Small steps = fewer injuries

NEARLY 90% HAVE NO ACCESS TO SPH EQUIPMENT

Nurses are at risk and are vulnerable to many types of injuries. The most common is musculoskeletal damage due to “overexertion.” For nurses, the main cause of overexertion is the manual lifting, transferring and repositioning of patients. Despite clear empirical evidence that safe patient handling (SPH) equipment dramatically decreases injuries to both healthcare providers and patients and saves millions of dollars for healthcare employers, many healthcare facilities have been slow to implement comprehensive SPH programs. In 2014, New York became the eleventh state to pass a safe patient handling law. The NYS SPH law introduced a somewhat vague, yet ambitious framework for facilities staffed with direct care workers like nurses. So, how do we know if the law has been effective thus far?

NYSNA SPH pilot assessment

NYSNA set out to tackle this question this summer by beginning the first ever “Safe Patient Handling Pilot Assessment Project.” The project focused on four facilities, two private and two public, and tracked their injury rates using the Occupational Safety and Health Administration (OSHA) and Public Employment Safety and Health Bureau (PESH) injury and illness logs over a four-year period. The four facilities included NewYork-Presbyterian (NYP), Westchester Medical Center (WMC), The Brooklyn Hospital Center (TBHC) and Elmhurst Hospital.

In brief, the project showed that when facilities start safe patient handling programs a trend of declining injury rates takes hold. And where SPH programs are not initiated, injuries continue unabated.

As a companion to the project, NYSNA conducted a union-wide health and safety survey. Over 87 percent of respondents to the survey said they had absolutely no safe patient handling equipment. And of those without equipment, 39.7 percent said they had suffered an injury related to patient handling.

What we learned was only the tip of the iceberg. Our preliminary findings highlighted three areas of interest: injury recordkeeping, facility injury rates, and safe patient handling policy.

Our review of patient-handling-related injuries of the four targeted facilities found that the facilities that have implemented, or are well on their way to implementing SPH programs, WMC and NYP, had the lowest incidence rates. While those without an SPH program or in the very beginning stages of implementing a program TBHC and Elmhurst, struggled with significantly higher incidence rates.

For example, in 2016, the patient-handling injury rate for RNs at TBHC was 189 per 10,000, far greater than the 46 per 10,000 rate for all other private sector workplaces nationwide as per the U.S. Bureau of Labor Statistics (the principal federal agency that calculates labor statistics).

Challenges to successful SPH implementation

OSHA and PESH require descriptive, accurate record-keeping of work-related injuries in a facility. However, we found vague language, confusing descriptions and/or blatantly incorrect case-logging. We also discovered crossover between safe patient handling and workplace violence cases. In those instances, a more descriptive record would have been useful in determining how to classify the injury. This led to the question of whether or not the process of injury logging could be improved. Being that these logs are one of the only sources of information we have regarding work-related injuries, poor recordkeeping can severely hamper health and safety monitoring and contribute to the problem of underreporting.

Regardless of the stage of SPH program implementation at each facility, the challenges were the same. Creating and implementing relevant SPH policies presented a significant hurdle. Barriers were grouped into four categories:

  • management commitment,
  • employee involvement,
  • program maintenance,
  • hazard identification and control.

    Studies suggest that multifaceted programs (ones including equipment, assessment criteria and policies) are the best approach, yet findings suggested this is not yet being achieved. Furthermore, despite there being successful and long-standing programs, such as the Veterans Administration’s Safe Patient Handling & Mobility Program, there is little dialogue between hospital systems regarding best practices. This lack of collaboration is worsened by the “self-certifying” nature of the NYS SPH law.
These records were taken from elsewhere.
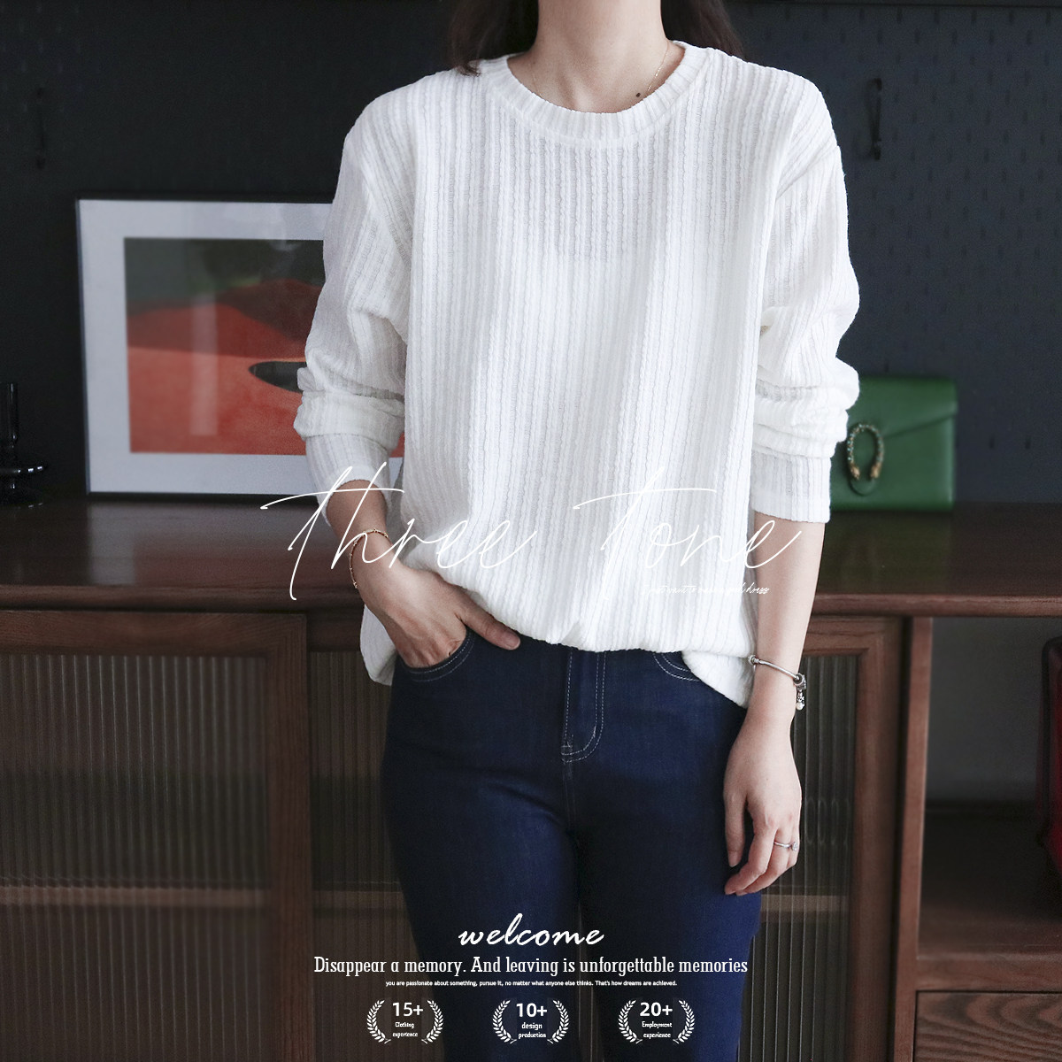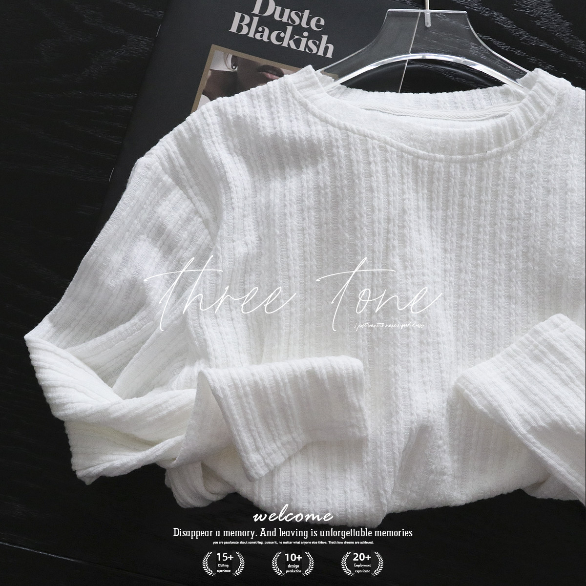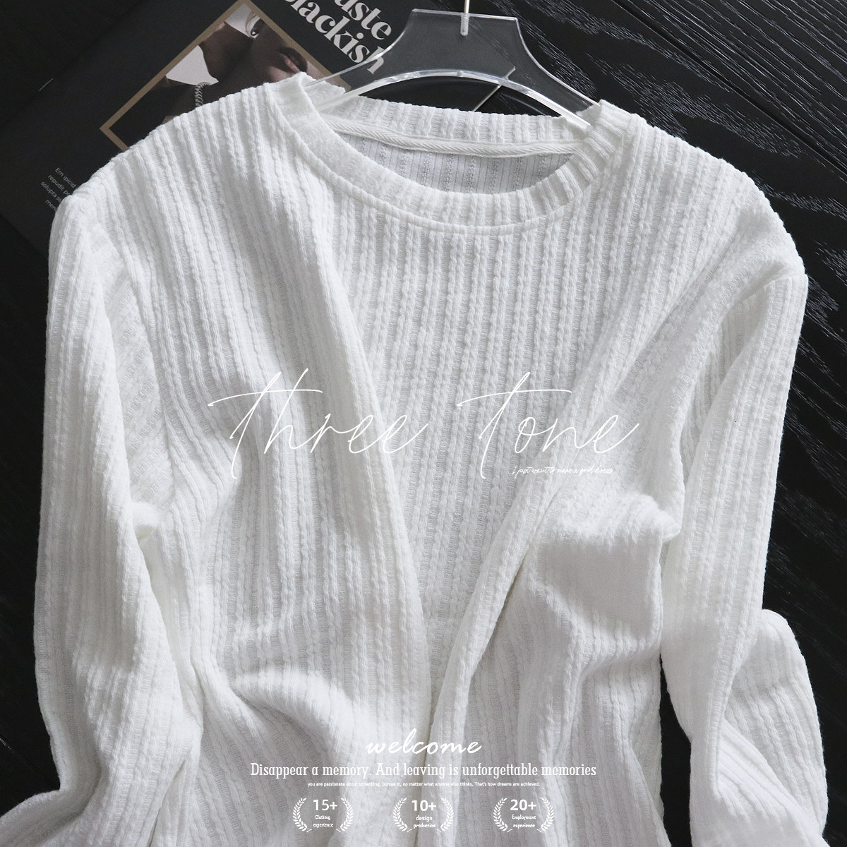 Комплект, трикотажная футболка с круглым воротником, белый базовый приятный телу лонгслив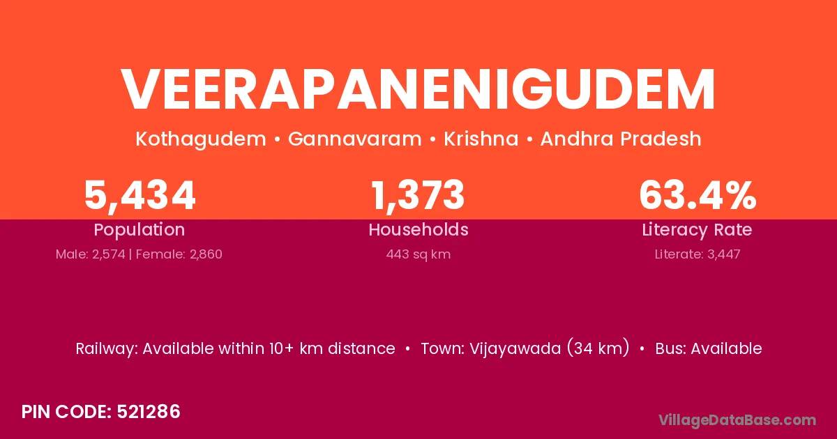 Veerapanenigudem village has a total population of 5,434 people, of which 2,574 are males and 2,860 are females.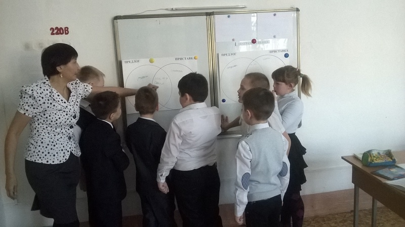 Во 2 «Б» классе прошел урок русского языка по теме: «Правописание предлогов и приставок». Дети с интересом работали в парах, в группе. Новой формой работы для них явилось использование приема критического мышления, а именно работа детей по Диаграмме Венна, которая им очень нравится. Одним из самых ярких запоминающихся моментов, для них была слайдовая презентация.
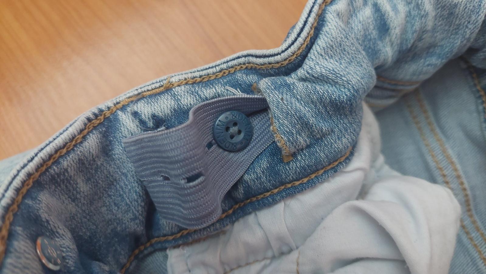 NOVE, bez visacky, makka, elasticka riflovina, pas na gumu, vpredu vrecka falosne, pas v klude 27, bocna dlzka 85.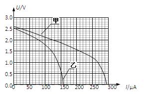 (ⅰ)实验一:用一定强度的光照射硅光电池,调节滑动变阻器,通过测量和计算得到该电池的U-I曲线如图甲。由此可知电池的内阻随电流的增大而______(填:增大,减小,不变),短路电流为

Regardless of how necessary the law is, it still leaves facilities to their own devices by not including any enforcement mechanisms. That makes a study such as this is one extremely important.
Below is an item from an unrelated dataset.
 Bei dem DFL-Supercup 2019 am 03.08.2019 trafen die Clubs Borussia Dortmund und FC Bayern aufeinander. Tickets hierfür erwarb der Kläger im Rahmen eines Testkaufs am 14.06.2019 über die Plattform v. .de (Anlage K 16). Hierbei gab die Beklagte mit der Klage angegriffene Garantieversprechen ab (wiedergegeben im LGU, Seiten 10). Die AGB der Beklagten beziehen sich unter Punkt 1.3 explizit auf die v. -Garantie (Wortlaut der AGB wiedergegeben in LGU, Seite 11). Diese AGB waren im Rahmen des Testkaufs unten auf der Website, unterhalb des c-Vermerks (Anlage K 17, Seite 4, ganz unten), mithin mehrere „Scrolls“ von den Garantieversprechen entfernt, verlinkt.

    SPH advocacy means safer workplaces

    Fortunately, we are seeing an upswing in awareness and enthusiasm for continued SPH advocacy. We are also encouraged by our earlier results and are working to confirm that SPH programs prevent injuries. Overall, this project is just the beginning of our journey into assessing the efficacy of the NYS SPH law. What is clear is that more work is needed. Members and facilities need to be informed and further research will do just that.